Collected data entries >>
--------------------------------------------------

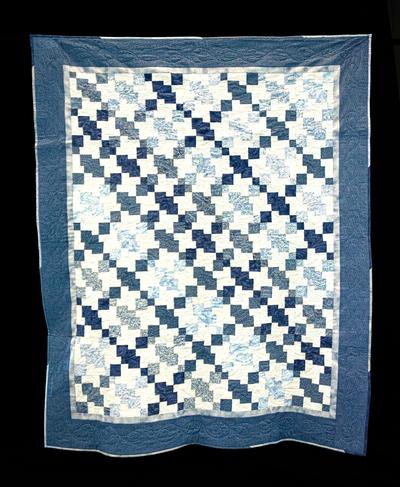 Disappearing 9-patch in various colors of blues and whites. Created by the Woodlands Area Quilt Guild - Community Quilts Bee.
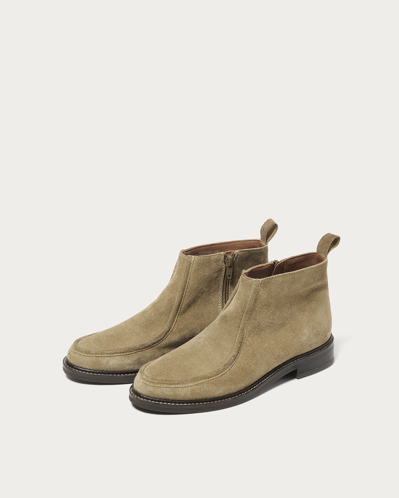 今年の気分にぴったりなスエードショートブーツ。Uチップ仕様を採用し、ローファー感覚で履いていただける一足に。アウトソールをダークな色合いにすることで、引き締まった印象に仕上げています。
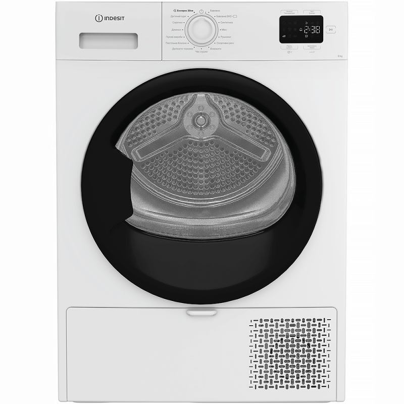 Сушильна машина Indesit CYSD82DWBUA оснащена технологією теплового насоса та розрахована на завантаження до 8 кг білизни. Вона підтримує 15 програм сушіння для різних типів тканин, включно з делікатними та повсякденними речами. Дисплей спрощує вибір налаштувань і контроль процесу. Функція антизминання допомагає зменшити складки після завершення циклу. Компактна глибина дозволяє зручно розмістити прилад у побутовому просторі.
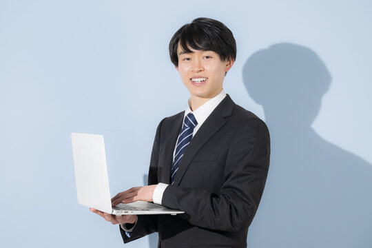 水色背景でパソコンを持つスーツの若い大学生の男性新卒や就職のビジネスイメージ 就活の採用イメージカメラ目線
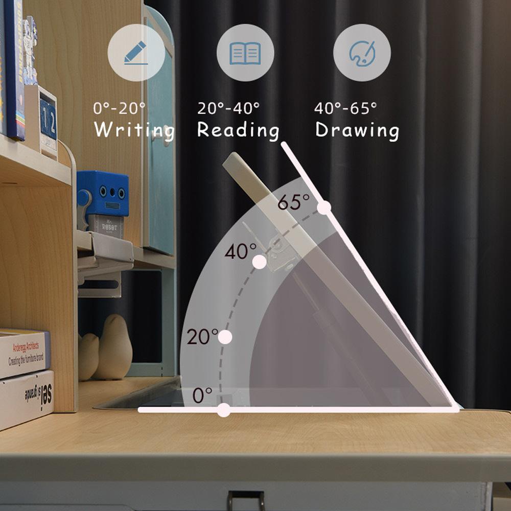 -Tilted Desktop: The desktop and bookshelf can be tilted between 0 and 65 degrees, which will provide the best angle for writing, reading, drawing and so on.
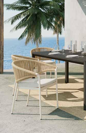 Vrtna stolica Celia, složiva, aluminijska konstrukcija zaštićena praškastim premazom u boji bjelokosti ili crna, uže u natur boji, cca š/v/d: 64x80x59 cm, nosivosti do 120 kg. Vrtni stol Genet i Aspen, aluminijska konstrukcija zaštićena praškastim premazom u crnoj boji ili boji bjelokosti, ploča od porculana u dekoru kamena, cca š/v/d: 180x75x90 cm, nosivosti do 60 kg. (10310016/01,11;0017/07;0018/07)
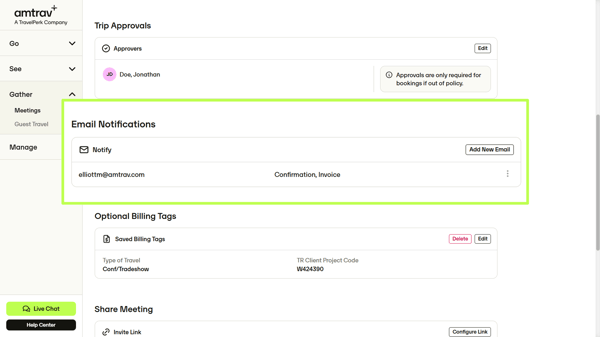 Step 5: Want others on your team to know about these bookings or invoices? Add Email Notifications, click Add New Email then provide the recipient's email, specify if they should receive the booking confirmation, invoice or both. (The traveler will automatically receive their own email confirmation.) Once you've entered each recipient click Save to add that recipient.

--------------------------------------------------

Every line from the one containing "今年の気分にぴったりなスエー" through the last line of the records is to be reproduced exactly, with pictures left out and nothing else given.

 今年の気分にぴったりなスエードショートブーツ。Uチップ仕様を採用し、ローファー感覚で履いていただける一足に。アウトソールをダークな色合いにすることで、引き締まった印象に仕上げています。
 Сушильна машина Indesit CYSD82DWBUA оснащена технологією теплового насоса та розрахована на завантаження до 8 кг білизни. Вона підтримує 15 програм сушіння для різних типів тканин, включно з делікатними та повсякденними речами. Дисплей спрощує вибір налаштувань і контроль процесу. Функція антизминання допомагає зменшити складки після завершення циклу. Компактна глибина дозволяє зручно розмістити прилад у побутовому просторі.
 水色背景でパソコンを持つスーツの若い大学生の男性新卒や就職のビジネスイメージ 就活の採用イメージカメラ目線
 -Tilted Desktop: The desktop and bookshelf can be tilted between 0 and 65 degrees, which will provide the best angle for writing, reading, drawing and so on.
 Vrtna stolica Celia, složiva, aluminijska konstrukcija zaštićena praškastim premazom u boji bjelokosti ili crna, uže u natur boji, cca š/v/d: 64x80x59 cm, nosivosti do 120 kg. Vrtni stol Genet i Aspen, aluminijska konstrukcija zaštićena praškastim premazom u crnoj boji ili boji bjelokosti, ploča od porculana u dekoru kamena, cca š/v/d: 180x75x90 cm, nosivosti do 60 kg. (10310016/01,11;0017/07;0018/07)
 Step 5: Want others on your team to know about these bookings or invoices? Add Email Notifications, click Add New Email then provide the recipient's email, specify if they should receive the booking confirmation, invoice or both. (The traveler will automatically receive their own email confirmation.) Once you've entered each recipient click Save to add that recipient.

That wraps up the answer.